Tuesday, March 10, 2009

Arlen Is Correct

The Obama administration portrayed its approach [to presidential signing statements] as a major departure from that of Mr. Bush. But Senator Arlen Specter of Pennsylvania, the ranking Republican on the Senate Judiciary Committee, disagreed, saying Mr. Obama was “wrong” to embrace the view that signing statements can be constitutionally legitimate.
“I think the Constitution is explicit as to how you handle these situations, and if the president thinks something is unconstitutional, then he ought to veto it,” said Mr. Specter, an outspoken critic of Mr. Bush’s signing statements.
He called the practice a “dodge” and “a disregard for the separation of powers and co-equal branches of government.”
“It’s just insulting,” Mr. Specter said, “and there is no reason why we can’t follow the Constitution even if it takes a few days more.”


Here, here.

4 Comments:

Anonymous Anonymous said...

I've only followed this issue from the headlines- has a signing statement ever been held to hold the force of law? Does it represent anything more than a President's opinion on the likely constitutionality of a law. If the executive branch violates a duly enacted law, aren't there judicial remedies available? (I admit this is more problematic if the executive branch ignores or refuses to enforce a law, but having limited resources, isn't that a chance we always take with new laws?)

7:48 AM, March 10, 2009  
Blogger QueensGuy said...

If the executive branch violates a duly enacted law, aren't there judicial remedies available?

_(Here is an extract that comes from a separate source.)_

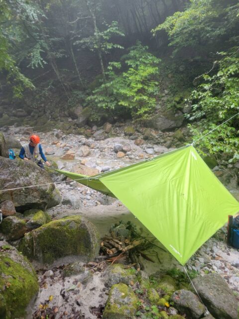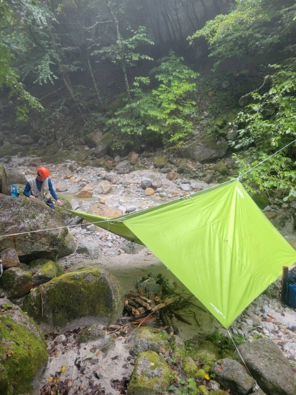 ビバークは、対岸からビニールひもを渡し、砂地にタープを張って、寝床は完璧でした。ただ焚火を焚けなかった上、ガスも持っていなかったため火は起こせず。パンだけ食べて就寝。ずぶ濡れでしたが、エマージェンシーシートのお陰でなんとか寝れました。翌朝は、薪をタープ下で干していたお陰かなんとか焚き火成功。丸一日ぶりの暖かメシが身にしみました。
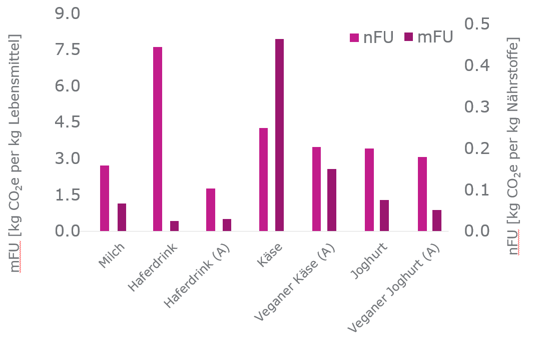 Die Anwendung der klassischen mFU resultiert in einer 2,3- bis 2,7-fach höheren CO₂-Bilanz von Milch im Vergleich zu Haferdrink ohne und mit Nährstoffanreicherung. Demgegenüber zeigt sich unter Anwendung der nFU lediglich eine 1,5-fache höhere CO₂-Bilanz von Milch im Vergleich zu einem mit Lebensmittelzusatzstoffen (u.a. Vitamin B12) angereicherten Haferdrink. Ein Vergleich von Milch und Haferdrink ohne Lebensmittelzusatzstoffe zur Nährstoffanreicherung auf Basis der nFU zeigt, dass sich der Trend umkehrt. Die CO₂-Bilanz des Haferdrinks ist demnach um den Faktor 2,8 höher als die von Milch. Die Anwendung der mFU führt bei Käse und Joghurt zu einer jeweils um den Faktor 3,1 und 1,5 höheren CO₂-Bilanz im Vergleich zu den pflanzlichen Alternativprodukten. Beim Wechsel zu einer nFU ist die CO₂-Bilanz lediglich um den Faktor 1,2 für Käse und 1,1 für Joghurt erhöht.

A private right of action surely should exist if that violation (or failure to act) affected your rights. The only litigated cases where the signing statement claimed unconstitutionality &/or unenforceability that I'm aware of are:

Landgraf v. USI Film Prods., 511 U.S. 244, 255-56 (1994) (President attached a statement to his veto of legislation interpreting the retroactivity of the Civil Rights Act. Upon review of subsequent amended legislation, the Court refused to give effect to the President's understanding because it was unclear where the compromise had been struck among competing congressional interpretations)

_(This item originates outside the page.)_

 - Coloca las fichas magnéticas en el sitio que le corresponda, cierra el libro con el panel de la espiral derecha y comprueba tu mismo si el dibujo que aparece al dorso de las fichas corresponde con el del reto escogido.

Petitti v. New Eng. Tel. & Tel., No. 89-3951, 1992 WL 359643, at *2-3 (D. Mass. Nov. 16, 1992) (refusing to rule in favor of the President's interpretation of retroactivity on the basis that a compromise bill excluded a provision which the President had cited in a signing statement as the reason for his veto of the earlier bill)

Crumley v. Del. State Coll., 797 F. Supp. 341, 346, 348 n.8 (D. Del. 1992) (finding that any inference that could be drawn from removal of a provision after the President's veto was negated by the fact that Congress did not adopt the President's proposed legislation)

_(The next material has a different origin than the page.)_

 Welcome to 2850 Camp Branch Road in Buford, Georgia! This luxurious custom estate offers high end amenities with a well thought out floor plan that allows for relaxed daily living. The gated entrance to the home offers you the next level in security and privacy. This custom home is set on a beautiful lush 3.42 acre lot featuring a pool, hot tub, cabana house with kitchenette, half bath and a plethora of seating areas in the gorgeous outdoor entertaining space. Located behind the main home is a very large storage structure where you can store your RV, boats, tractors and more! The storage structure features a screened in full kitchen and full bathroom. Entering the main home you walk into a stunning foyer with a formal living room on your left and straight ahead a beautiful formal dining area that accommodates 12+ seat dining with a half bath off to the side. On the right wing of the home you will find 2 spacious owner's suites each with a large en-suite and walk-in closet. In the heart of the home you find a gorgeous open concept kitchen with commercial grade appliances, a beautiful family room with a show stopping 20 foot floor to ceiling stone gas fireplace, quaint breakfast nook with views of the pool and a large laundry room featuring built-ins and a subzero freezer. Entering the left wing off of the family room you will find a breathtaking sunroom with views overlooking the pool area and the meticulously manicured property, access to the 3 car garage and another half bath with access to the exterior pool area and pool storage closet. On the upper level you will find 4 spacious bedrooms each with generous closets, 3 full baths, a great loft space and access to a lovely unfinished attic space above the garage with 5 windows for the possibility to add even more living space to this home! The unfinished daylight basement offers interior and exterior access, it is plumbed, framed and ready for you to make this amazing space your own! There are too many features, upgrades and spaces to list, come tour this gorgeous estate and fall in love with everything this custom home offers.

McCullough v. Consol. Rail Corp., 785 F. Supp. 1309, 1313-14 (N.D. Ill. 1992) (ruling in favor of the President with regard to retroactivity, but largely because the President's interpretation concurred with that of one of the bill's sponsors as well as some other members of Congress)

8:21 AM, March 10, 2009  
Blogger QueensGuy said...

Oh, and just to give credit where due, my source for those cases and parentheticals was "A FAILED ATTEMPT TO CIRCUMVENT THE INTERNATIONAL LAW ON TORTURE: THE INSIGNIFICANCE OF PRESIDENTIAL SIGNING STATEMENTS UNDER THE PAQUETE HABANA," Note, 75 Geo. Wash. L. Rev. 105 (2006)

8:31 AM, March 10, 2009  
Blogger LAGuy said...

In practice, the Congress proposes, the President disposes. Whether or not there's an official signing statement, the President (not unlike a prosecutor) has leeway in deciding how and when to interpret a law. This doesn't mean he can do whatever he wants, but it does make me wonder whether signing statements make any difference.